Greedy Goblin

Friday, July 11, 2014

Killboards and the illusion of the blue doughnut

Everyone and his mother are crying loud that no new players (read: smaller alliances) can do anything next to the big and established coalitions. The big bad blue doughnut brought lull into EVE. The reality is that most of the losses of the CFC is not coming from the other coalition. It comes from small independents. You know, the ones that don't have a chance.

You know what else have been lost since the "golden age"? Small gang fights. You need 200 men fleets or you are nothing. Except 3/4 of the losses of CFC happened from less than 10 killers.

When you have bad numbers, you have to change something. When you have good numbers and people whining, you have a PR problem. You can't open an EVE-site without seeing yet another weird idea how to fix what is not broken. However something must be broken, otherwise people wouldn't whine all day, or at least got told to shut up and learn to play. But it seems even the "big ones" accept that they are overpowered, when they are clearly not.

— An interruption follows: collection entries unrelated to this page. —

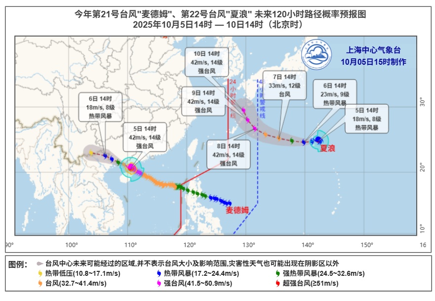 今年第21号台风“麦德姆”已于今天(5日)14时50分在广东省湛江市徐闻县东部沿海登陆,预计“麦德姆”继续向西偏北方向移动,强度逐渐减弱。
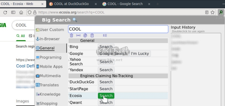 可將任意搜索引擎、查詢網(wǎng)站集于一處操作(連續(xù))。任何支持GET/POST的網(wǎng)站
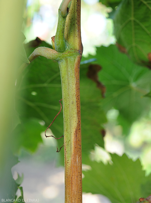 Absence of ripening of a vine branch which keeps its green color.  (<b> flavescence dorée </b>)
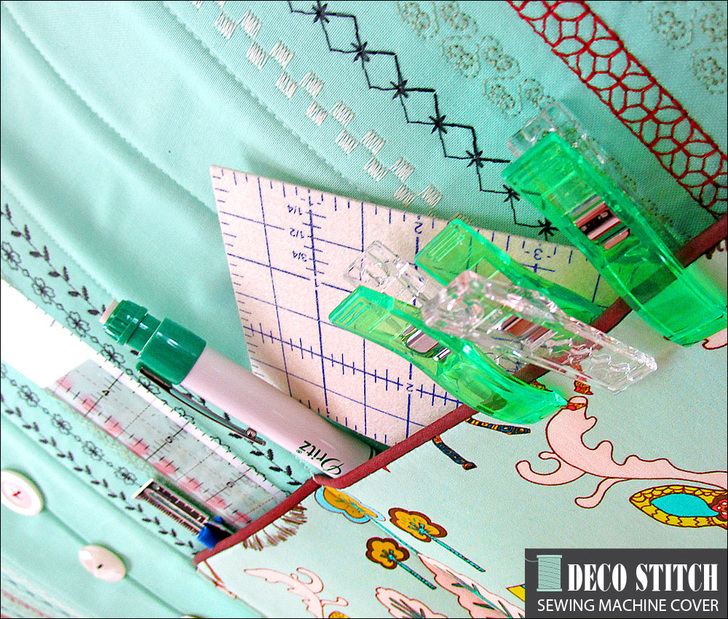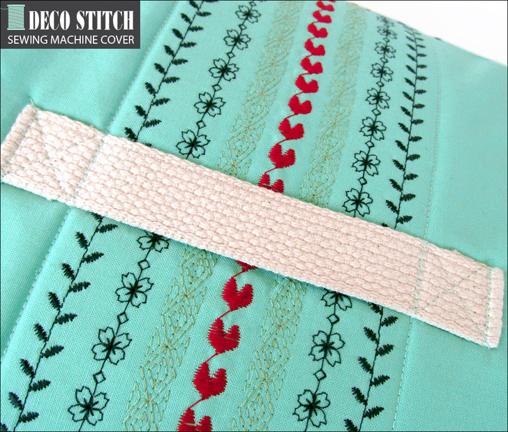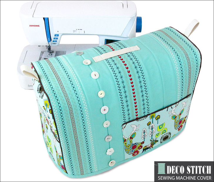 Doesn’t your trusty machine deserve a brand new outfit?! A cover keeps your machine protected from dust and sun exposure when not in use. Plus, a custom sewn cover in gorgeous fabric can be a very pretty alternative to what may have come with your machine. Decorative stitching in multiple colors plus button accents add a bit of flair to our design. Have fun with your fabric selections to best match your décor; we recommend coordinating two prints with one solid – a solid is the best background for the decorative stitching. Read on to see how we measured our Janome Skyline machine to determine our cuts so you can customize to your model. There’s also a pattern download provided for the curved side panels.
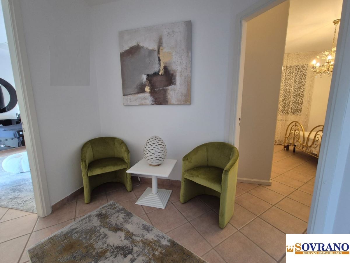 L'ingresso conduce a una zona living ariosa e accogliente, illuminata da una grande vetrata che inonda l'ambiente di luce naturale e si fonde armoniosamente con una raffinata cucina in muratura. Ogni angolo trasmette calore e convivialità, mentre la veranda chiusa a vetri aggiunge spazio e versatilità, perfetta per godersi il panorama in ogni stagione. Il piano terra ospita anche un comodo servizio, mentre salendo al piano superiore si apre la zona notte con due camere da letto, di cui una con cabina armadio, e un bagno elegantemente rifinito.
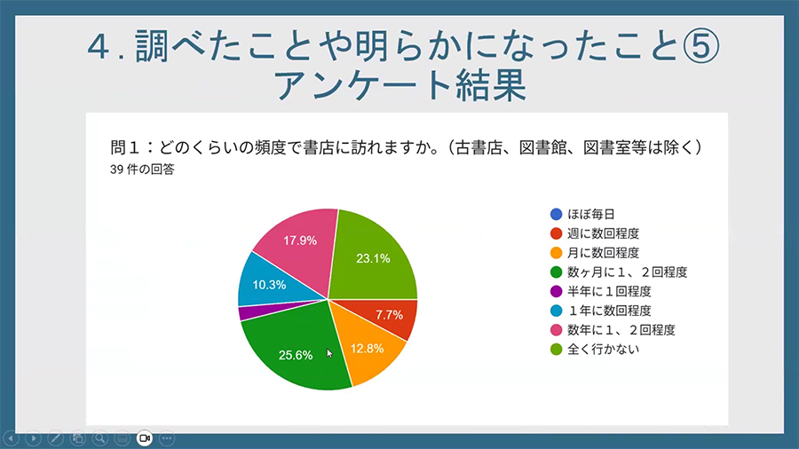 Hさんは、書店数が減少している背景を、出版社・取次・物流など出版流通の仕組みと、読者側の需要の変化の両面から整理しました。統計データの分析に加え、学生へのアンケートも取り入れ、書店を取り巻く現状を多角的に考察しました。
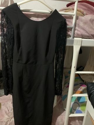Elegante vestido negro con mangas de encaje. - Diseño de manga larga. - Detalle de encaje en las mangas.
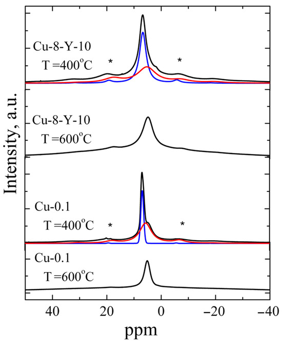 Experimental spectra 1H MAS NMR of ZrO2 powders doped with 0.1 mol.% CuO and ZrO2 powders co-doped with 8 mol.% CuO and 10 mol.% Y2O3 calcined at different temperatures (black curves) and also fitting components (red and blue curves). Asterisks mark the spinning sidebands.
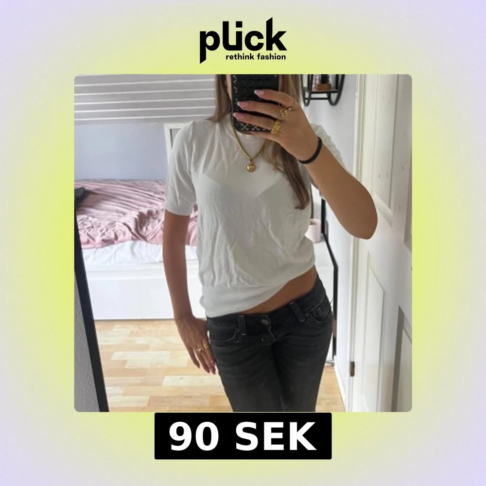 Enkel och fräsch vit t-shirt från Zara i storlek S. Modellen är klassisk med rund hals och korta ärmar, perfekt till jeans eller kjol. Materialet är mjukt och skönt bomullstyg som sitter snyggt på kroppen.
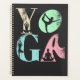 Typographie de yoga rétro avec lettres pastel et silhouettes de poses, parfaite pour les amateurs de yoga et cadeaux de vie.
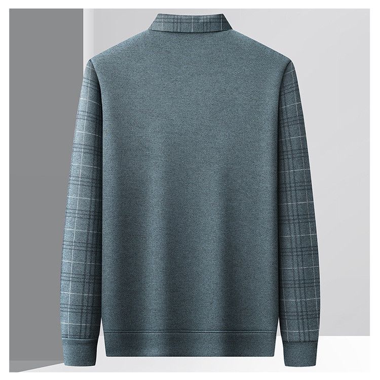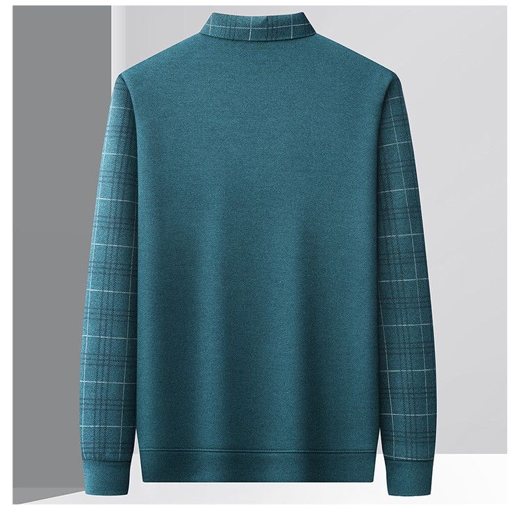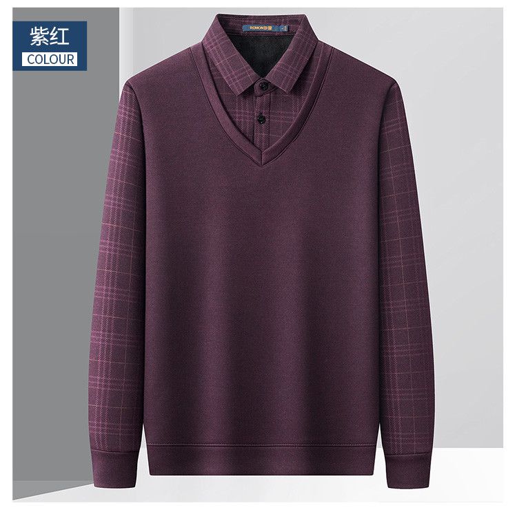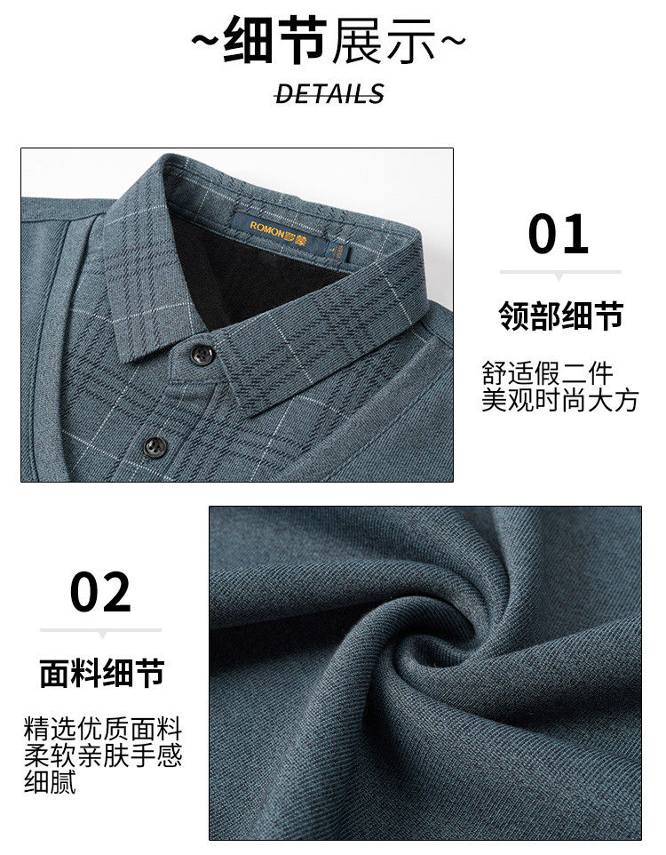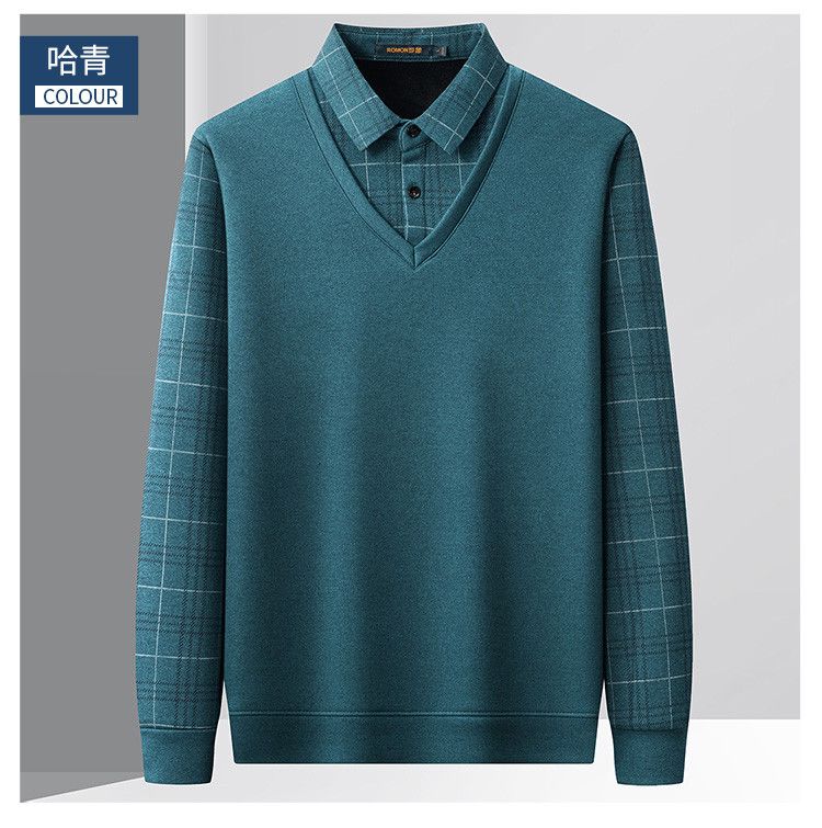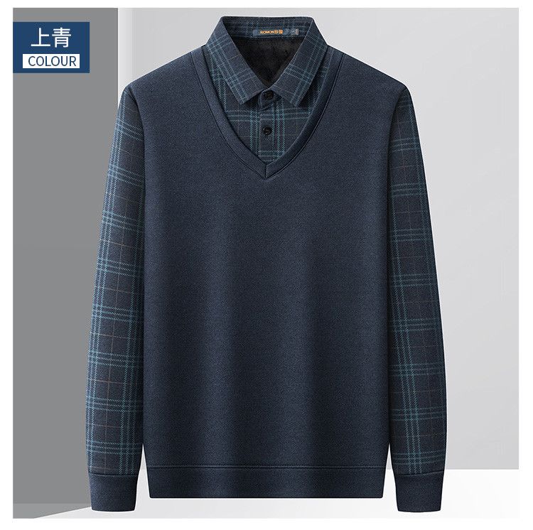 【加绒加厚】罗蒙秋冬男装加绒加厚衬衫领假两件慵懒毛衣男冬季针织衫

The reason for the PR problem is the importance and error of the public killboards. CCP created API for kills, but no killboard itself, leaving it to third parties. Since third parties want traffic to sell ads, they want their killboard to be visited often. How can you do that? By making the visitors feel good about themselves upon visit. Let's just tell everyone that he is winning, it worked for Blizzard!

How can you make it when for every kill, there must be a loss, so the average guy is around zero? Imagine a 9v9 battle of equal ships, where both sides lose all ships (last one died to a gate gun). The outcome for both groups is obviously 9 kills, 9 losses and 50% ISK ratio. However the killboard give the full kill to every killer, so every single guy in this battle now have 9 kills, 1 death and 90% ISK ratio.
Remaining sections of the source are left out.